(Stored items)

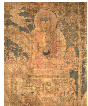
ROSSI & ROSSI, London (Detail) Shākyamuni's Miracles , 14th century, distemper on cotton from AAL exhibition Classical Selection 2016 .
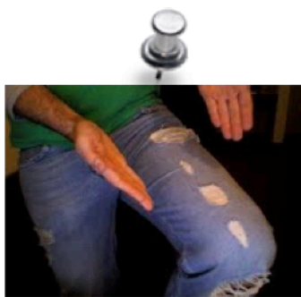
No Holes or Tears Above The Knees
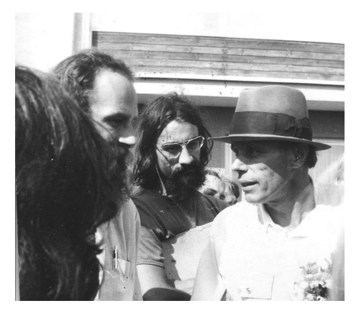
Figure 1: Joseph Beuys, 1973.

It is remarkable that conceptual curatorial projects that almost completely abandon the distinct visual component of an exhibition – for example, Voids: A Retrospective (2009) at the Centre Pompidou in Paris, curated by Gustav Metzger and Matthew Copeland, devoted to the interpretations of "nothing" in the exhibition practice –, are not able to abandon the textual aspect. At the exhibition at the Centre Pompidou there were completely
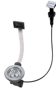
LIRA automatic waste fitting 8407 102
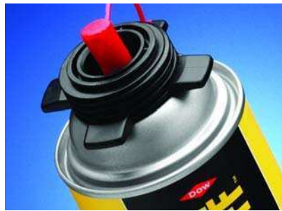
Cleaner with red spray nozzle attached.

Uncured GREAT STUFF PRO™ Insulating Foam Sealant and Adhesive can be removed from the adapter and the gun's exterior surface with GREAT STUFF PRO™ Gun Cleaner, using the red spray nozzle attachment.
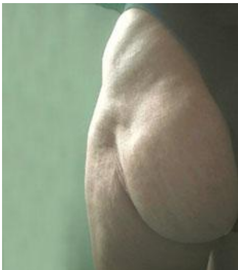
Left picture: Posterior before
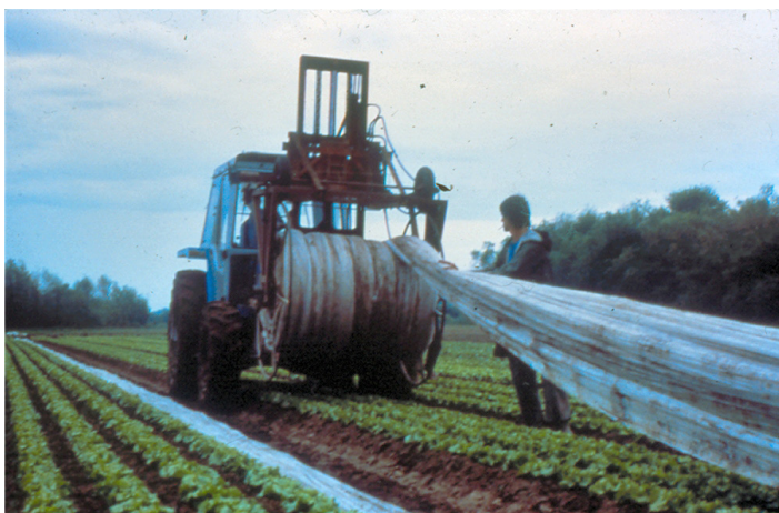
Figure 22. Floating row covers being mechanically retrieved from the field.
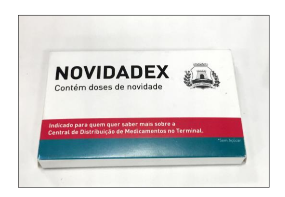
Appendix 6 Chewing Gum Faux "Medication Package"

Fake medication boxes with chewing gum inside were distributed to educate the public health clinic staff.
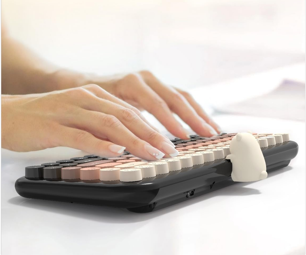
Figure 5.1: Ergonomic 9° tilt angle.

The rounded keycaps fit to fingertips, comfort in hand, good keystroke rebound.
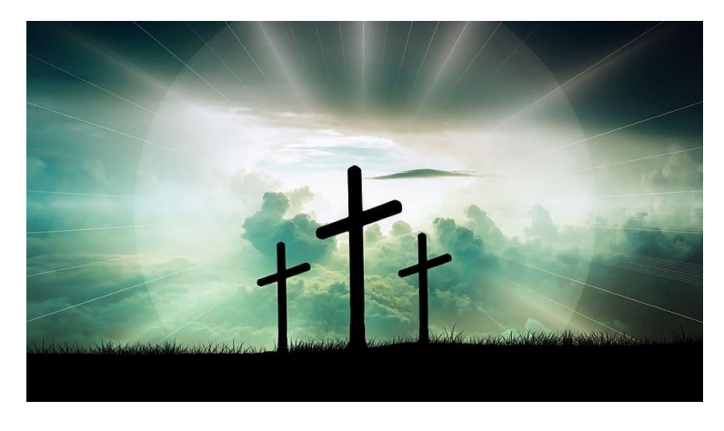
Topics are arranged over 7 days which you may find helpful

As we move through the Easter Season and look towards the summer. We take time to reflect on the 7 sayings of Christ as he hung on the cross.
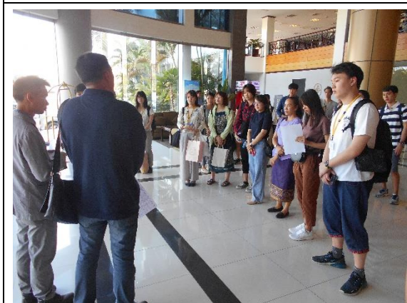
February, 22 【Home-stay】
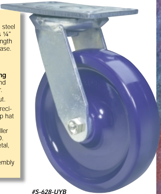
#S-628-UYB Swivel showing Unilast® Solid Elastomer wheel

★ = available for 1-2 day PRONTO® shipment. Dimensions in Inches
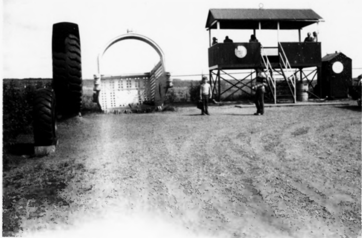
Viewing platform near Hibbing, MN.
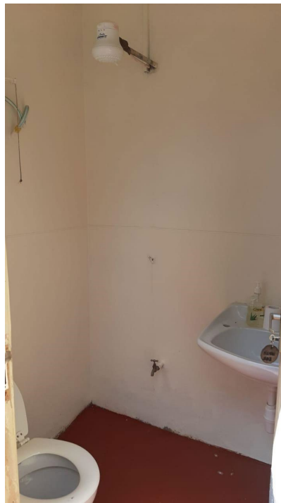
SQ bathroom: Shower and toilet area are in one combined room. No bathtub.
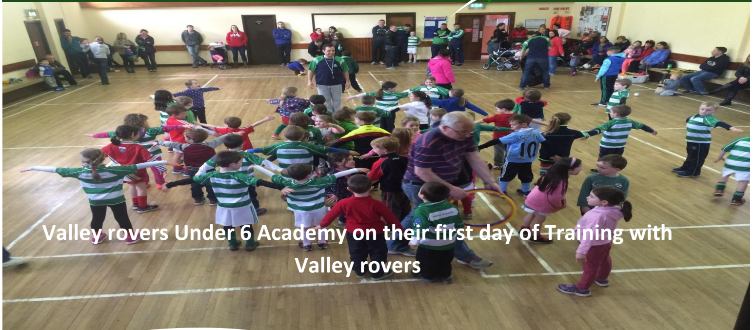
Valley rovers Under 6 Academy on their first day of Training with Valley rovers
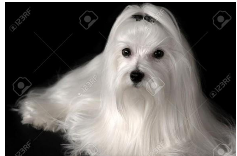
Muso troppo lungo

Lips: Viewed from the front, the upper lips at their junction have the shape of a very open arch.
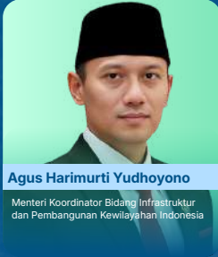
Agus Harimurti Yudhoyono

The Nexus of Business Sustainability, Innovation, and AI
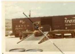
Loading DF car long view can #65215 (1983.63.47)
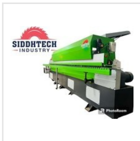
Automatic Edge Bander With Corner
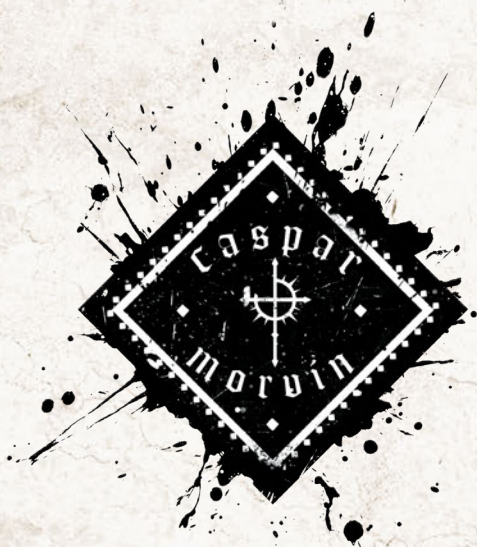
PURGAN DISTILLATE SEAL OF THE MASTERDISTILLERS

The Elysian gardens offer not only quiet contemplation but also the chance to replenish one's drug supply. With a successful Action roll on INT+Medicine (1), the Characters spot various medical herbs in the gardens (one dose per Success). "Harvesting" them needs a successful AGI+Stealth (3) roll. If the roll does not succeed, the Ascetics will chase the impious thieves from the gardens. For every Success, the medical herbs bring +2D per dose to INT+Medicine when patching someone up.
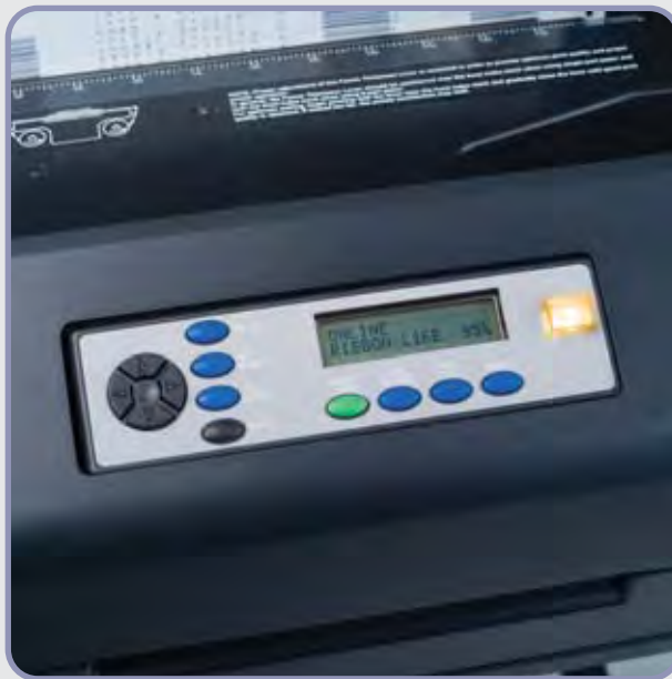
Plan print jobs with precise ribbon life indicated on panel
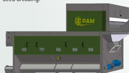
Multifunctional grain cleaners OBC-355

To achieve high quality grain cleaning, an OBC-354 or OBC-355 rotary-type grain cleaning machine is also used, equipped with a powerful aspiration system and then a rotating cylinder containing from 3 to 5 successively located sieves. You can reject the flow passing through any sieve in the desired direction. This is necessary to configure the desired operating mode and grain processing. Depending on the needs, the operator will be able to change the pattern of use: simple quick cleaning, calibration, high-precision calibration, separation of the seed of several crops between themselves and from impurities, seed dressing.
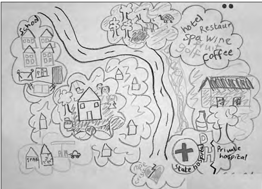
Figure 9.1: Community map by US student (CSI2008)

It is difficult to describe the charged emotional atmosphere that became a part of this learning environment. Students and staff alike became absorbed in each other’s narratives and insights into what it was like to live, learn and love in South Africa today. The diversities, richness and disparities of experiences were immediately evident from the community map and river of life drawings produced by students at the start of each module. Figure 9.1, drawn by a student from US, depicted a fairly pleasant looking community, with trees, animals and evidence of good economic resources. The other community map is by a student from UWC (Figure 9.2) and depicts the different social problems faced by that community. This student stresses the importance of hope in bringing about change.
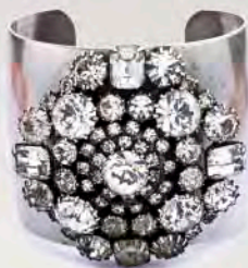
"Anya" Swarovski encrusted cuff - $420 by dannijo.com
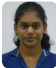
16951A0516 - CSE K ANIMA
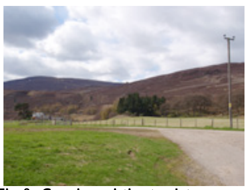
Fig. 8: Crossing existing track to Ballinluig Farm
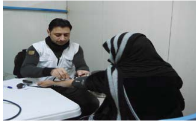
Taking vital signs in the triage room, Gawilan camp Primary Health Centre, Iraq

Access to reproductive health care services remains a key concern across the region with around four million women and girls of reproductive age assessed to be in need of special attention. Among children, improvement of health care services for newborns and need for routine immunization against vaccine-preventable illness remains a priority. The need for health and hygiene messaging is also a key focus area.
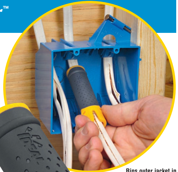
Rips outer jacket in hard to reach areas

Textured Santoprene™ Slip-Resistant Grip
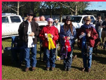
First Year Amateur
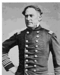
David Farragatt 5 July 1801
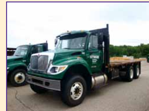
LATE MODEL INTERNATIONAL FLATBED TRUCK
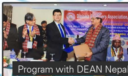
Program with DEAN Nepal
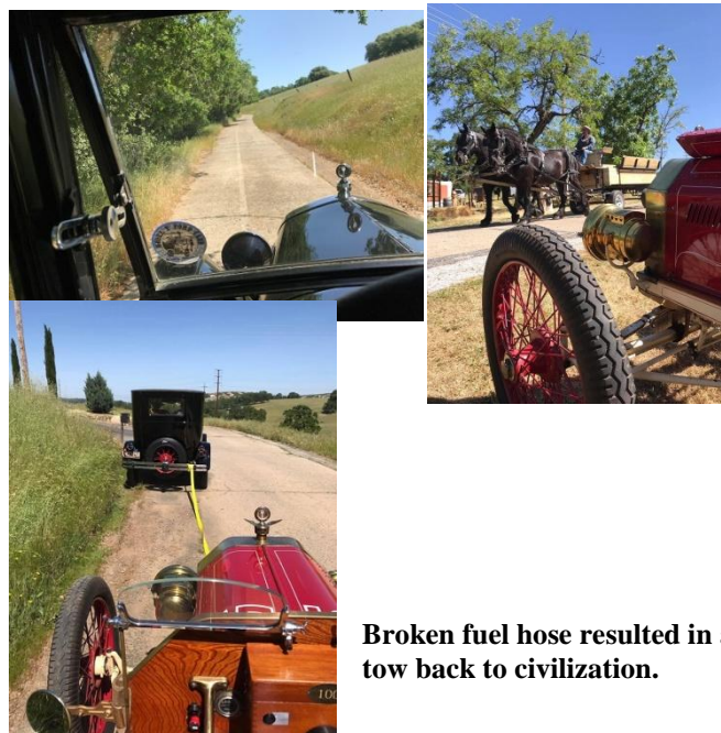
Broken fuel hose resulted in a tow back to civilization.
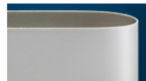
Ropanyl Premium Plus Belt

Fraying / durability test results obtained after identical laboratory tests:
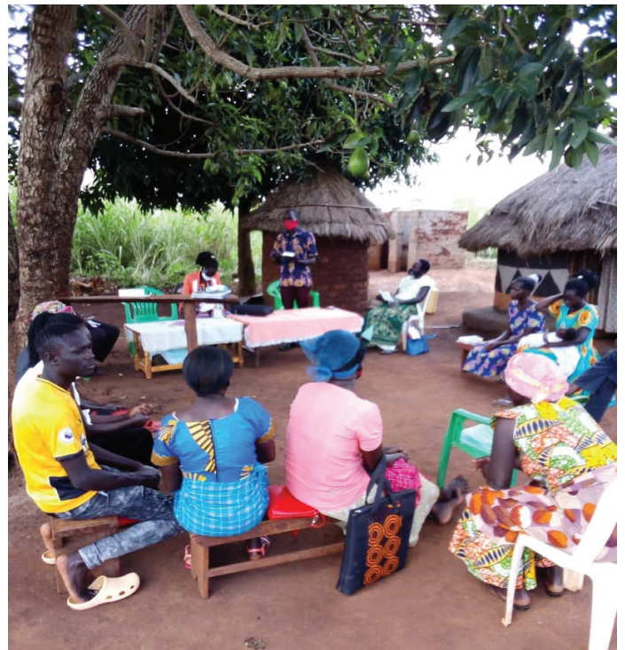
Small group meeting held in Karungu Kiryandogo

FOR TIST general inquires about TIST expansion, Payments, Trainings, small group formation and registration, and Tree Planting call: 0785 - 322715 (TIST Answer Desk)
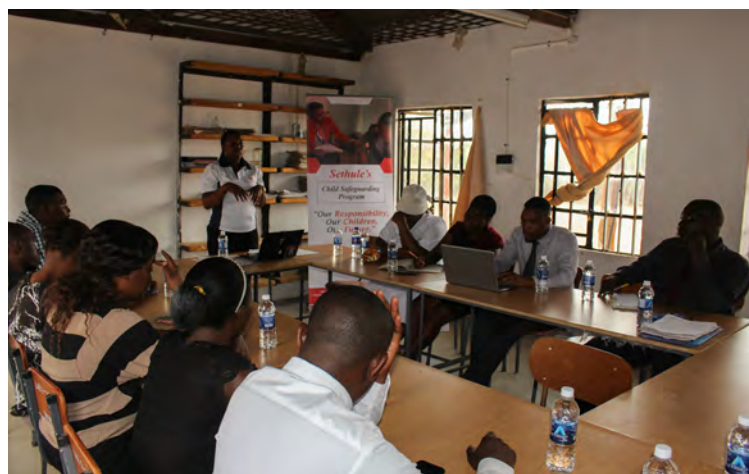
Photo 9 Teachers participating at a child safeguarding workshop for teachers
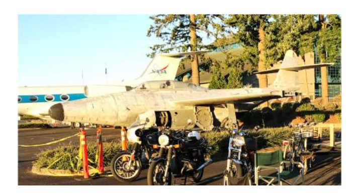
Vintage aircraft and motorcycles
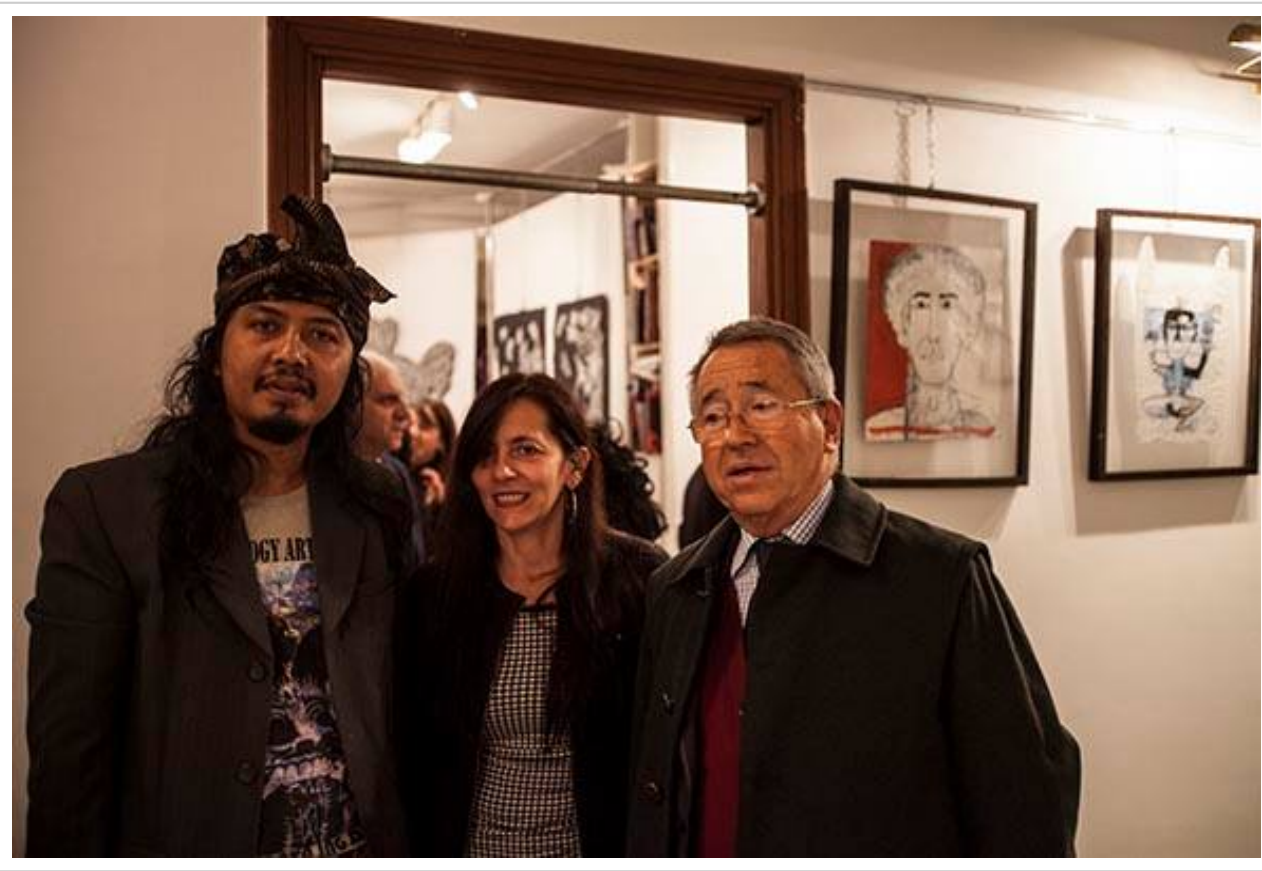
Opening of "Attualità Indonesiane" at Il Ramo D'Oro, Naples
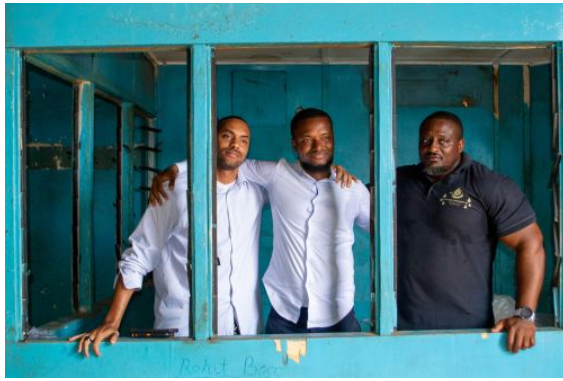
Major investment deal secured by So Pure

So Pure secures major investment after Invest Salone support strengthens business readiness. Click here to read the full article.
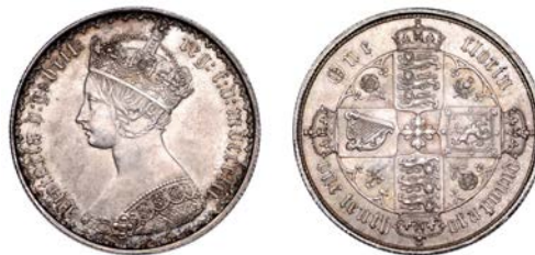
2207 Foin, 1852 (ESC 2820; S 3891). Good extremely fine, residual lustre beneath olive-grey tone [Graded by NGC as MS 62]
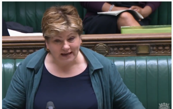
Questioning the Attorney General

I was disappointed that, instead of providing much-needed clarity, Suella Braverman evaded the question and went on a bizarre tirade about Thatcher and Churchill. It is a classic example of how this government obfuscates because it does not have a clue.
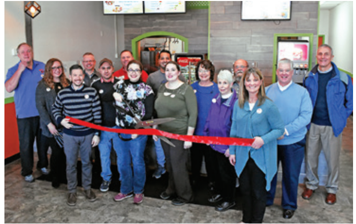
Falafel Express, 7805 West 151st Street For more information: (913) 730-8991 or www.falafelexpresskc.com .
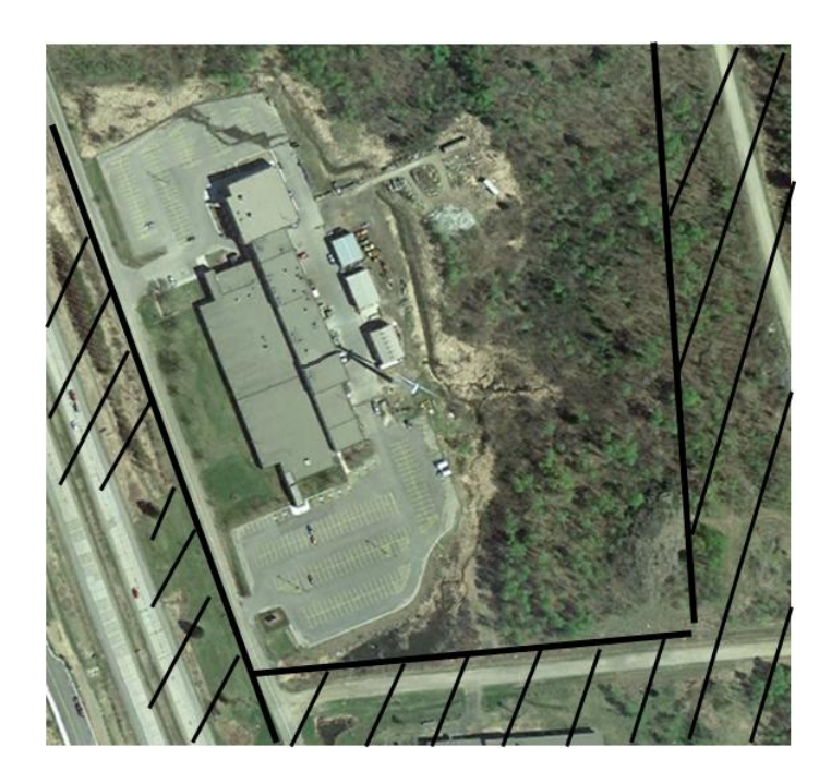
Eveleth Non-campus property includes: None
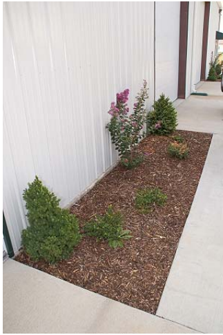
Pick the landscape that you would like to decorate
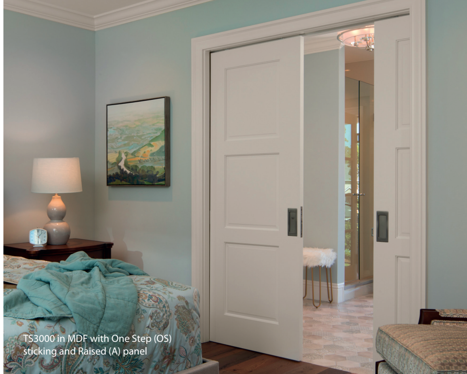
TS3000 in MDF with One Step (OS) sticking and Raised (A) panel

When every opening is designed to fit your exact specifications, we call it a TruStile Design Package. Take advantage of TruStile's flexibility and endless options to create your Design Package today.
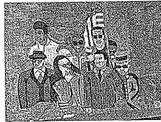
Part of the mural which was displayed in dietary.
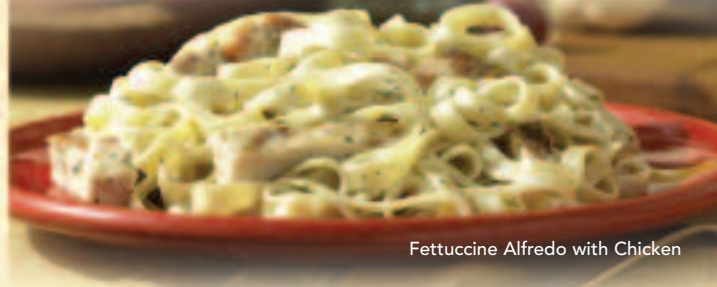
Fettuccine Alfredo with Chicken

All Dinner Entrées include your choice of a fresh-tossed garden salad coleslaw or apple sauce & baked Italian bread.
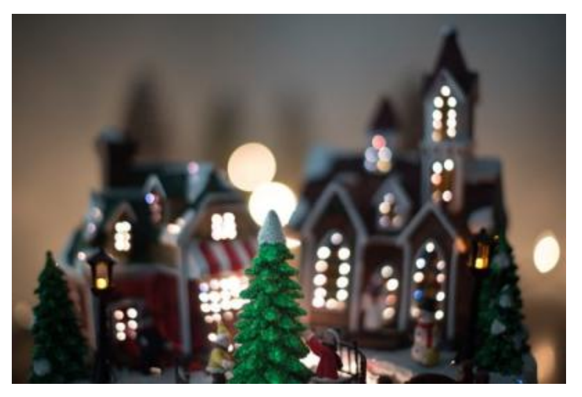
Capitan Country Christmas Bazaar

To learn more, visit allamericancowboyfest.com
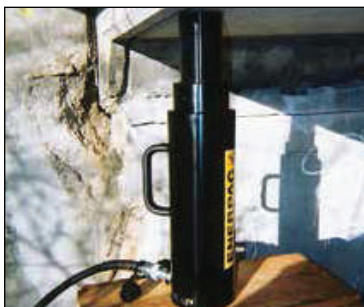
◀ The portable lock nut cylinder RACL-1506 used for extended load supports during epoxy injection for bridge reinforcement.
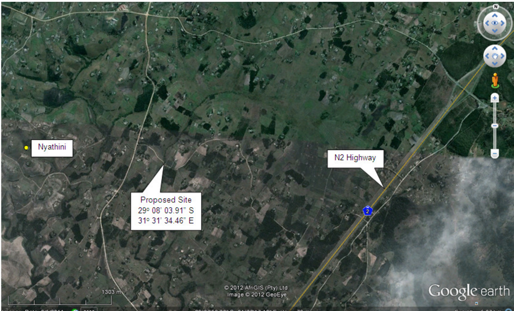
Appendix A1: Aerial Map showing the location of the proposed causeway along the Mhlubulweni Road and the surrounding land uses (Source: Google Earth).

# Task instructions
Take only the lines above from the one that has "Cleaner with red spray nozzle attached." through the one that has "PURGAN DISTILLATE SEAL" and reproduce them exactly, omitting any pictures.

# Task result
Cleaner with red spray nozzle attached.

Uncured GREAT STUFF PRO™ Insulating Foam Sealant and Adhesive can be removed from the adapter and the gun's exterior surface with GREAT STUFF PRO™ Gun Cleaner, using the red spray nozzle attachment.
Left picture: Posterior before
Figure 22. Floating row covers being mechanically retrieved from the field.
Appendix 6 Chewing Gum Faux "Medication Package"

Fake medication boxes with chewing gum inside were distributed to educate the public health clinic staff.
Figure 5.1: Ergonomic 9° tilt angle.

The rounded keycaps fit to fingertips, comfort in hand, good keystroke rebound.
Topics are arranged over 7 days which you may find helpful

As we move through the Easter Season and look towards the summer. We take time to reflect on the 7 sayings of Christ as he hung on the cross.
February, 22 【Home-stay】
#S-628-UYB Swivel showing Unilast® Solid Elastomer wheel

★ = available for 1-2 day PRONTO® shipment. Dimensions in Inches
Viewing platform near Hibbing, MN.
SQ bathroom: Shower and toilet area are in one combined room. No bathtub.
Valley rovers Under 6 Academy on their first day of Training with Valley rovers
Muso troppo lungo

Lips: Viewed from the front, the upper lips at their junction have the shape of a very open arch.
Agus Harimurti Yudhoyono

The Nexus of Business Sustainability, Innovation, and AI
Loading DF car long view can #65215 (1983.63.47)
Automatic Edge Bander With Corner
PURGAN DISTILLATE SEAL OF THE MASTERDISTILLERS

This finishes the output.